Here are my object models (stripped to show just the essentials):

class Submission(Models.model)
  favorite_of = models.ManyToManyField(User, related_name="favorite_submissions")

class Response(Models.model)
  submission = models.ForeignKey(Submission)
  voted_up_by = models.ManyToManyField(User, related_name="voted_up_responses")

What I want to do is sum all the votes for a given submission: that is, all of the votes for any of its responses, and then also including the number of people who marked the submission as a favorite.

I have the first part working using the following code; this returns the total votes for all responses of each submission:

submission_list = Response.objects\
  .values('submission')\
  .annotate(votes=Count('voted_up_by'))\
  .filter(votes__gt=0)\
  .order_by('-votes')[:TOP_NUM]

(So after getting the vote total, I sort in descending order and return the top TOP_NUM submissions, to get a "best of" listing.)

That part works. Is there any way you can suggest to include the number of people who have favorited each submission in its votes? (I'd prefer to avoid extra() for portability, but I'm thinking it may be necessary, and I'm willing to use it.)

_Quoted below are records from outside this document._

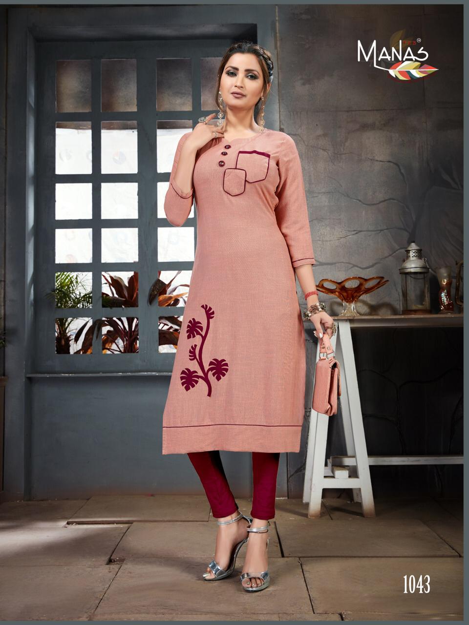 Manas Priyal Vol 6 Namo Cotton Peach Work Daily Wear Kurti Collection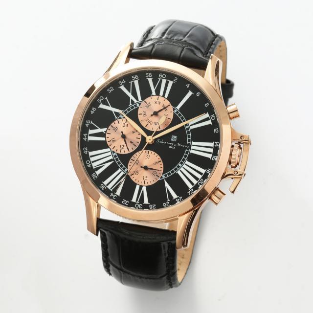 【Salvatore Marra】 サルバトーレマーラ 腕時計 メンズ カレンダー 24時間表示 1年保証 専用BOX保証書 国内正規品 日常生活防水 クオーツ レザーベルト ローマ数字 アナログ ビッグフェイス
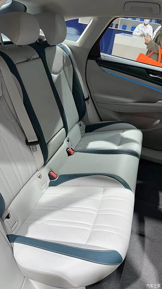 两个充电接口,手机的快充,两个杯座,装上扶手箱,这一边的储物空间呢,还是OK的。2023年初,我觉得好多车型的座椅舒适性上了一个大台阶,真的是整体的感觉都不一样了,但是这张座椅只能说是一个正常中规中矩的水平,那对于大众来说,一贯卷什么卷轴距,卷后排空间,咱们后排看看到了后排这腿部空间,着实是没毛病,因为这轴距在这,两拳多的一个腿部空间,但是整体的坐姿会让人觉得有一点局促,就是坐垫儿的高度呢,是蛮高的,我觉得可以看出,可能大众在电动化时代如何处理好电池的厚度,底板的这种高度,以及车内如何打造一个舒适的乘坐感,还是需要再精进一些的,因为这个坐垫高,对腿的承托很好,整个靠背的角度,却没能进一步的往后仰,所以整个会有点被夹在这儿的感觉,包括坐直之后,头是能蹭到顶棚的,所以这个头部空间对于我来说也是相对不够宽敞,不过这个天幕的感觉应该还不错,官方介绍说这个天幕隔光隔热的效果,也可能通过中控屏幕,或者语音交互控制它一个隔光率。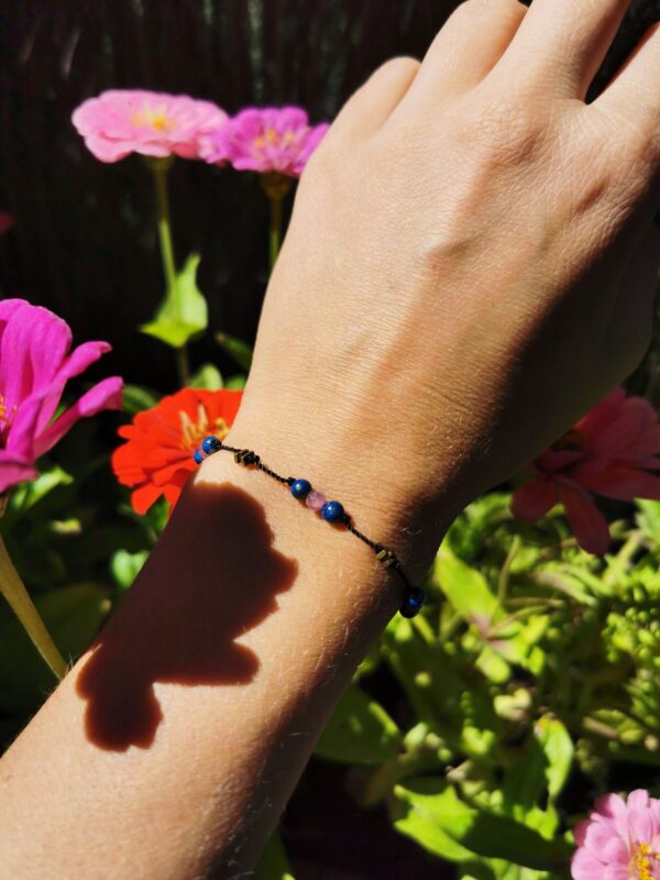 Całość zapleciona na wytrzymałym sznurku w kolorze czarnym.
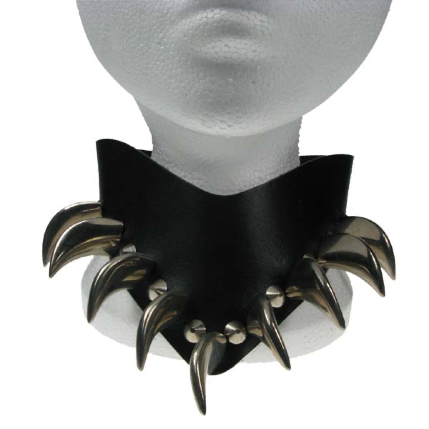 NB024 Conical & Saber Tooth Mixed V Neck Leather Choker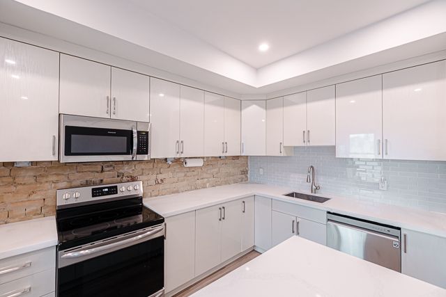 Experience the best of queen east in this professionally renovated 1-bedroom suite at queen and pape. Located in a quaint, character-filled walk-up, this home offers a spacious layout and a chef-inspired kitchen designed with the cook in mind. This suite offers modern comforts including ensuite laundry and the location is sublime. The convenient location features all the pleasures of city living. You are only steps away from charming streets, tree lined parks, and local shops, bars, restaurant, coffee shop and the queen street car. Parking is also available if needed for an extra $150/month, all utilities are extra. It's time to live your best leslieville life!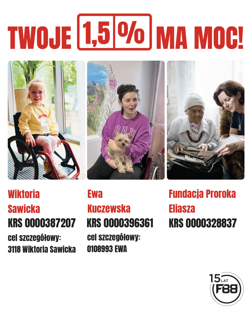 Zachęcamy Was do przekazania 1,5% swojego podatku na wsparcie tych, których już dobrze znacie: Ewa, Wiktoria, Fundacja Proroka Eliasza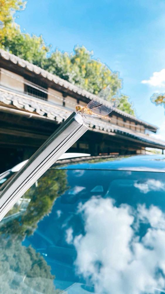 今年は柿が豊作らしい😊美味しかったよ🥰👌洗車中にトンボが😅茄子🍆はまだまだ取れそうです〜😋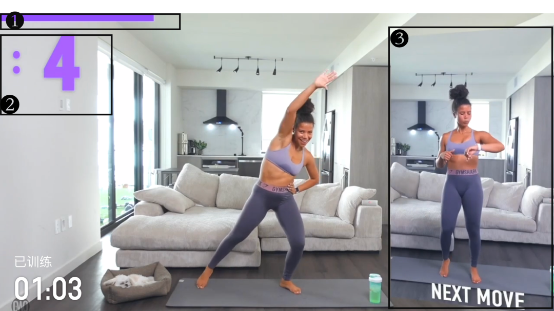 ❷ 动作倒计时,可以掌握动作变换的节奏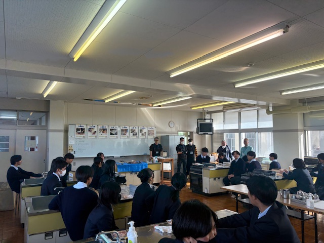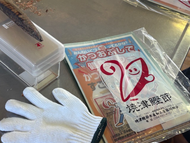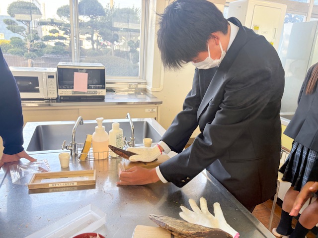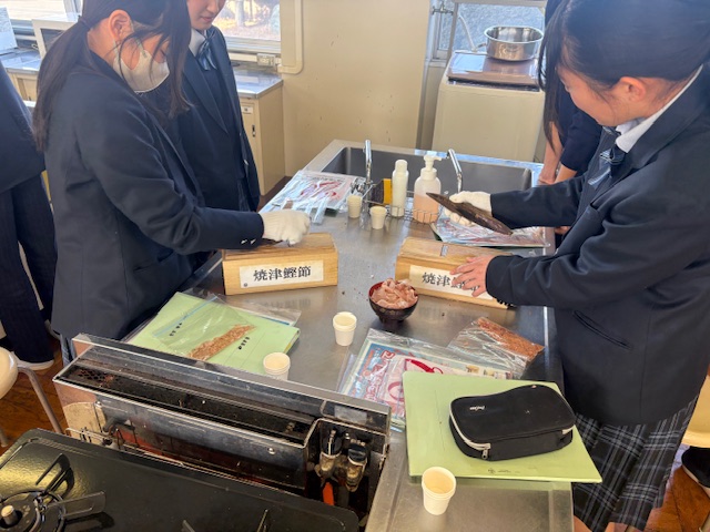 公開日 2026年01月20日 1年生の家庭基礎の授業です。焼津鰹節水産加工業協同組合の方々をお招きし、5クラス全部で、出前授業をしていただきました。ありがとうございます。お疲れさまでした。鰹節の削り体験やだしの飲み比べなどを行い、この地域の誇りとする産業と食文化について改めて意識する時間となりました。削り節の一番おいしい食べ方は、ご飯にのっけて醤油をかけて食べる、いわゆるネコまんま、とのことでしたよ!

EDIT: I realized after reading the suggestions below that I should have been clearer in my description of the problem. The ideal solution would be one that allowed me to sort by total votes (the sum of voted_up_by and favorited) and then pick just the top few, all within the database. If that's not possible then I'm willing to load a few of the fields of each response and do the processing in Python; but since I'll be dealing with 100,000+ records, it'd be nice to avoid that overhead. (Also, to Adam and Dmitry: I'm sorry for the delay in responding!)

Answer 1

One possibility would be to re-arrange your current query slightly. What if you tried something like the following:

submission_list = Response.objects\
    .annotate(votes=Count('voted_up_by'))\
    .filter(votes__gt=0)\
    .order_by('-votes')[:TOP_NUM]
submission_list.query.group_by = ['submission_id']

This will return a queryset of Response objects (objects with the same Submission will be lumped together). In order to access the related submission and/or the favorite_of list/count, you have two options:

num_votes = submission_list[0].votes
submission = submission_list[0].submission
num_favorite = submission.favorite_of.count()

or...

submissions = []
for response in submission_list:
    submission = response.submission
    submission.votes = response.votes
    submissions.append(submission)
num_votes = submissions[0].votes
submission = submissions[0]
num_favorite = submission.favorite_of.count()

Basically the first option has the benefit of still being a queryset, but you have to be sure to access the submission object in order to get any info about the submission (since each object in the queryset is technically a Response). The second option has the benefit of being a list of the submissions with both the favorite_of list as well as the votes, but it is no longer a queryset (so be sure you don't need to alter the query anymore afterwards).

Answer 2

You can count favorites in another query like

favorite_list = Submission.objects.annotate(favorites=Count(favorite_of))

After that you add the values from two lists:

total_votes = {}
for item in submission_list:
    total_votes[item.submission.id] = item.voted_by
for item in favorite_list:
    has_votes = total_votes.get(item.id, 0)
    total_votes[item.id] = has_votes + item.favorites

I am using ids in the dictionary because Submission objects will not be identical. If you need the Submissions themselves, you may use one more dictionary or store tuple (submission, votes) instead of just votes.

Added: this solution is better than the previous because you have only two DB requests.